• [TASK DESCRIPTION]: Everything in the listing below should be written out again exactly, except the pictures.

• [INPUT DATA]:
_ _ _ _ _

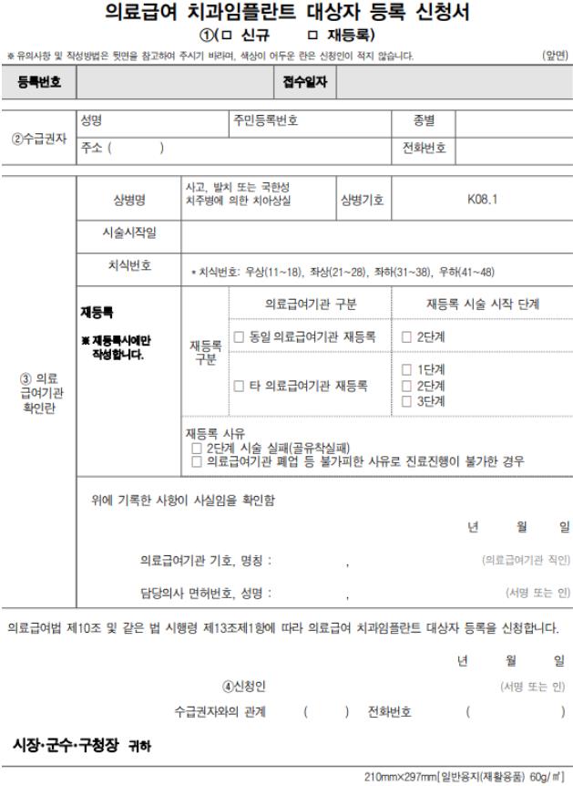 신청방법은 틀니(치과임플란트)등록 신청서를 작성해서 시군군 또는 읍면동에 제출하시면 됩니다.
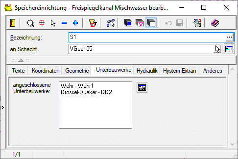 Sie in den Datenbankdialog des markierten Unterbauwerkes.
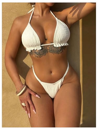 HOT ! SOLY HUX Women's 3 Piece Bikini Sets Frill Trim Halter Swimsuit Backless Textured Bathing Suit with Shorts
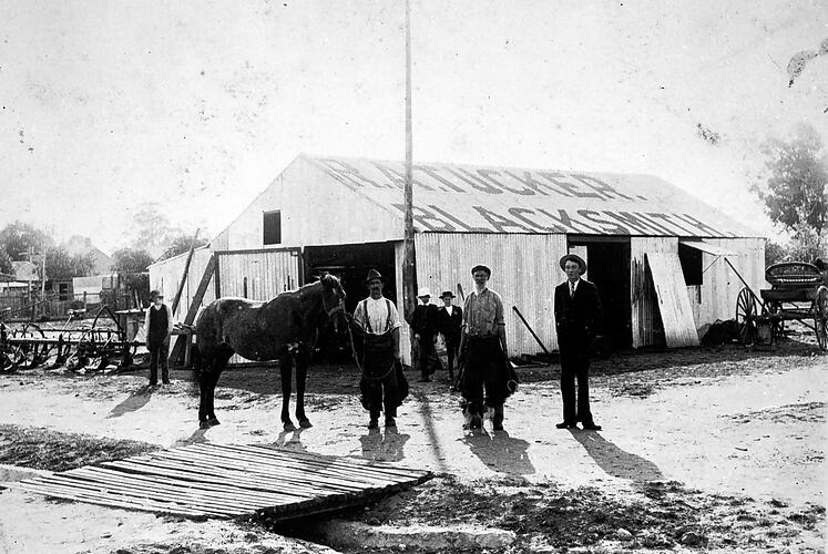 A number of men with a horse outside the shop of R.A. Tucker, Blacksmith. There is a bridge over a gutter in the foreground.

_ _ _ _ _

• [WRITTEN RESPONSE]:
 신청방법은 틀니(치과임플란트)등록 신청서를 작성해서 시군군 또는 읍면동에 제출하시면 됩니다.
 Sie in den Datenbankdialog des markierten Unterbauwerkes.
 HOT ! SOLY HUX Women's 3 Piece Bikini Sets Frill Trim Halter Swimsuit Backless Textured Bathing Suit with Shorts
 A number of men with a horse outside the shop of R.A. Tucker, Blacksmith. There is a bridge over a gutter in the foreground.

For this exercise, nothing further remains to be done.